Face à l’hécatombe exceptionnelle d’abeilles l’hiver dernier, deux organisations apicoles ont lancé, mercredi 12 novembre, un appel inédit aux dons d’essaim pour aider les apiculteurs de l’Ariège et des Pyrénées-Orientales.

« Puisque l’Etat est déficient sur le sujet, on lance une opération de solidarité pour que nos collègues puissent reconstituer leurs colonies », a annoncé Alain David, coordinateur de la Fédération française des apiculteurs professionnels (FFAP – Fédération Française des Apiculteurs Professionnels).

Cette opération sera menée conjointement par la FFAP, qui représente cent cinquante à deux cents apiculteurs professionnels, et la section apicole de la Confédération paysanne, syndicat agricole minoritaire, très investi dans les sujets environnementaux. « Dans l’urgence, il faut au moins qu’on puisse apporter un soutien, et un effort, de un à cinq essaims, seront demandés à nos apiculteurs », a poursuivi Thierry Dolivet, de la Confédération paysanne, apiculteur dans la Creuse.

Quelque cent cinquante essaims ont déjà été promis et seront livrés au début du printemps prochain, selon la FFAP. Les services vétérinaires de l’Ariège ont lancé en février une mission pour évaluer l’éventualité d’un lien entre ces pertes et la désinsectisation du bétail dans le cadre de la lutte contre la fièvre catarrhale ovine (FCO).

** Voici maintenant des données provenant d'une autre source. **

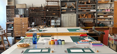 Der Werkstättenbereich verfügt über 12 Werkstätten, sechs Ateliers und drei Gastateliers und bietet Raum für vielfältige handwerkliche und künstlerische Produktionen aus den folgenden Bereichen:
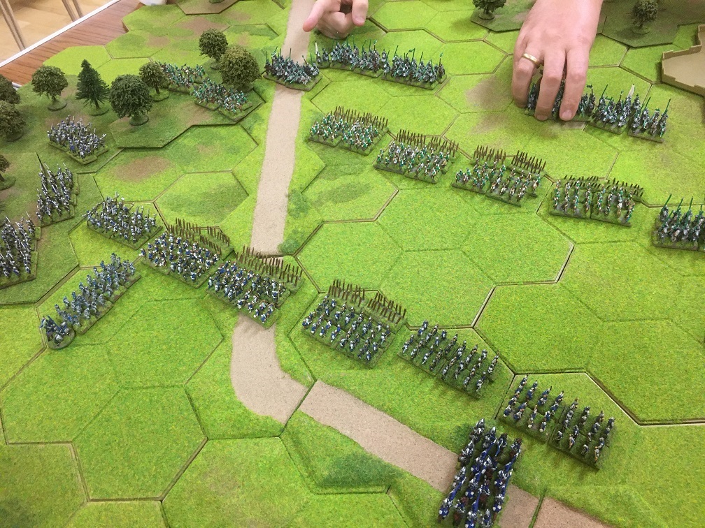 Tim and I had the Yorkists (blues), and Chris and Tony the Tudors (green and white), and our Yorkists got the first move. We reluctantly moved away from our 8 hex hill and set up our longbow shooting line behind our planted stakes just 1 hex in front of the road, the possession of which proved to be an important asset. Tony and Chris echoed our deployment using the 4 hex wood as a bastion protecting their left flank.
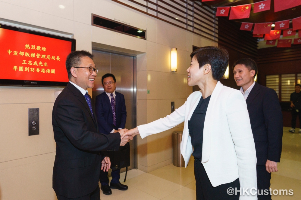 海關關長何珮珊十月十四日在海關總部大樓歡迎中宣部版權管理局局長王志成率領代表團到訪香港海關。會晤其間,雙方回顧近年保護知識產權的合作成果,並展望未來的部署及策略。為了深化打擊侵權活動的合作,雙方同意加强信息互換及人員交流培訓。
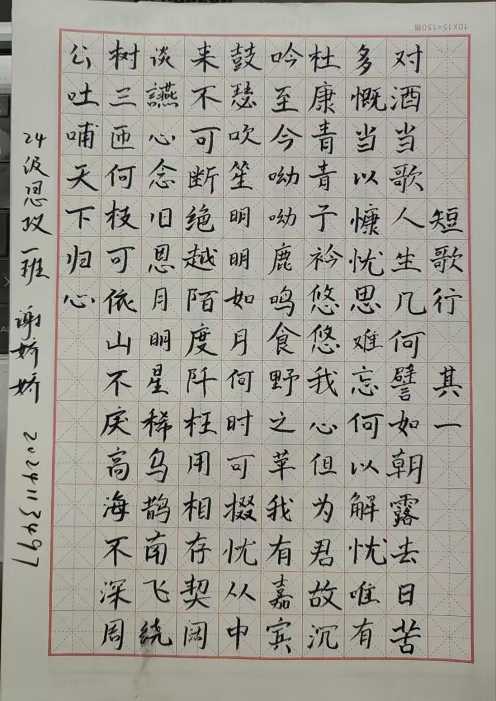 15日,学生们以班级为单位组织开展硬笔书法比赛、板书设计比赛,加强了师范生基本功的训练,强化了学生的从教技能。
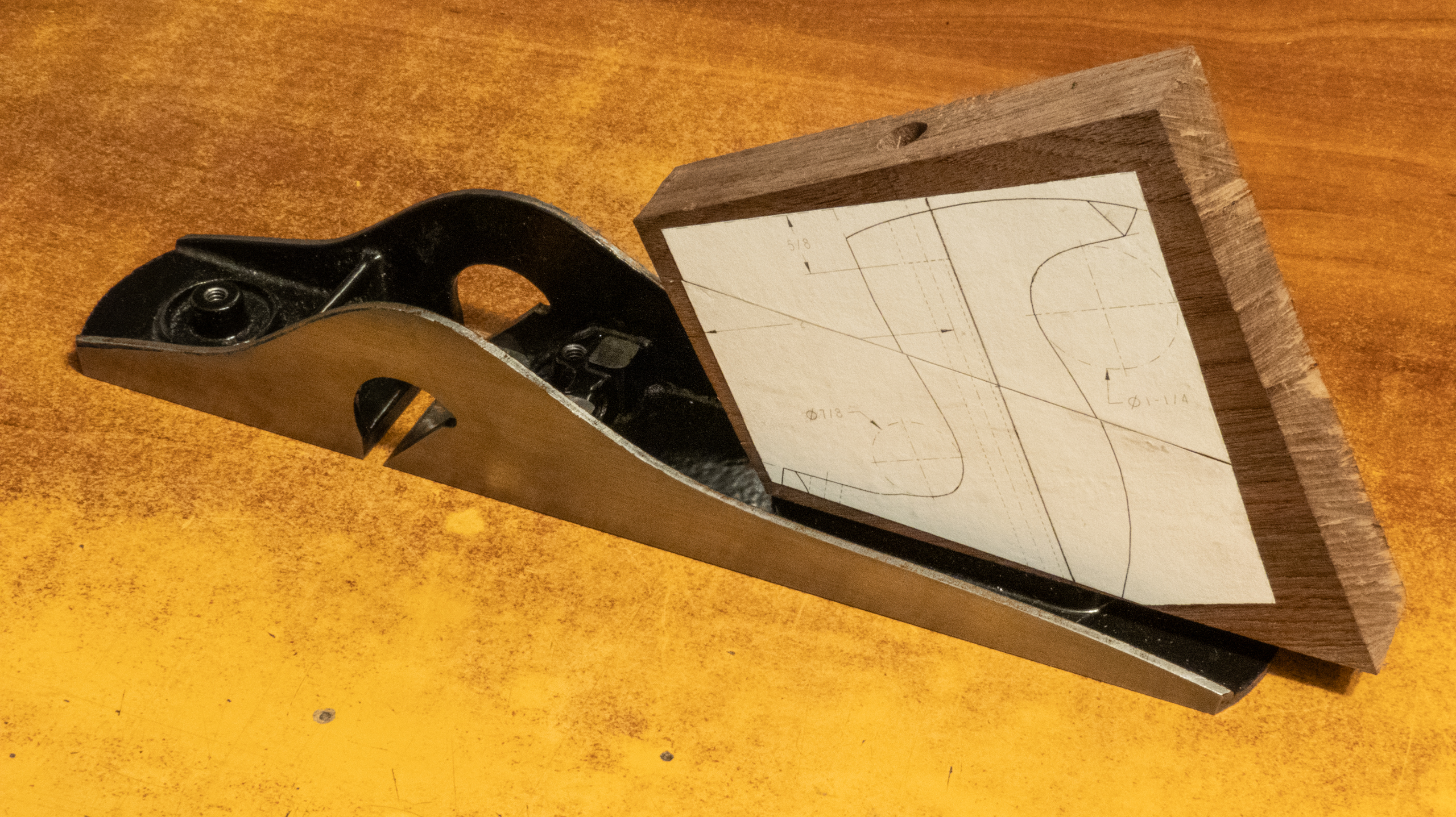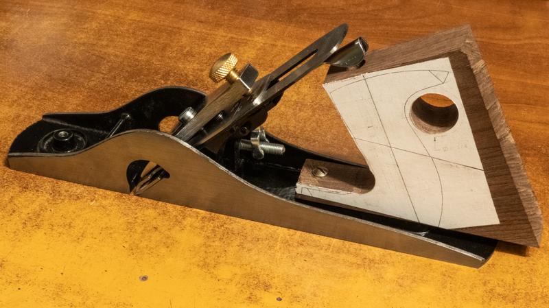 Now, I needed to work around the features I had already established: the angled hole and the bottom. I began by using the template for the Stanley #5 tote, making adjustments as the height and angle were slightly different.
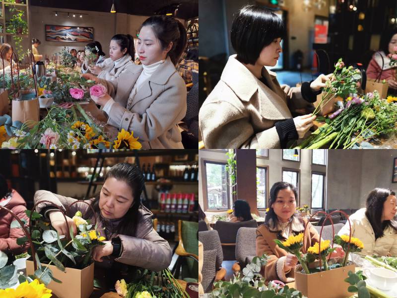 活動邀請了專業(yè)花藝師現(xiàn)場授課,花藝老師從鮮花特性、色彩、作用等方面進行了生動講解,介紹了十余種鮮花的習(xí)性和用法,演示制作了桌擺花藍,讓大家享受了一堂生動的插花課程。大家在溫馨愉悅的氛圍中,憑借每個人對美的不同理解,把原本普通的花草,經(jīng)過修剪、層次搭配、點綴等步驟,變成了色彩斑斕、獨具匠心的花藝作品,感受從自己手中綻放的浪漫?!?/p>
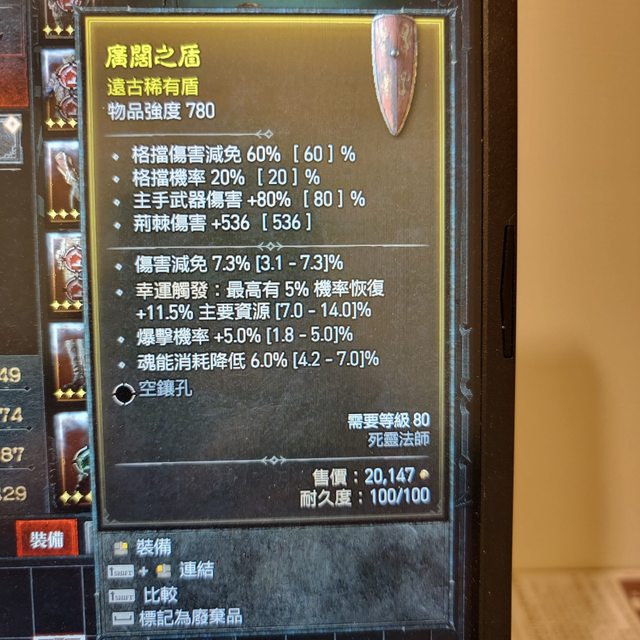 標題[競標] D4 S1 強度780 死靈傷減 爆擊 魂能頂盾
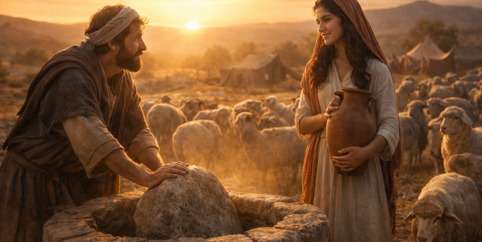 Jacob comes to a well in the field.

Selon Alain David, les services de l’Etat « sont venus constater mais rien n’a été fait ».

« Les bêtes qui vont dans les estives (veaux, moutons, vaches…) sont traitées avec des produits antiparasitaires que l’on retrouve dans les déjections et qui polluent l’environnement. Et c’est cela qui pourrait être la cause de cette surmortalité importante », explique-t-il.

De son côté, le ministère de l’agriculture n’a pas réagi dans l’immédiat.

Bruxelles a interdit en 2013 et pour deux ans l’usage des trois pesticides néonicotinoïdes jugés responsables en partie de cette situation. Insuffisant pour les apiculteurs, qui réclament un moratoire étendu à toutes les autres molécules, alors qu’en 2013 la production de miel en France a été inférieure à 15 000 tonnes, soit moitié moins qu’en 1995, pour un nombre de ruches presque équivalent.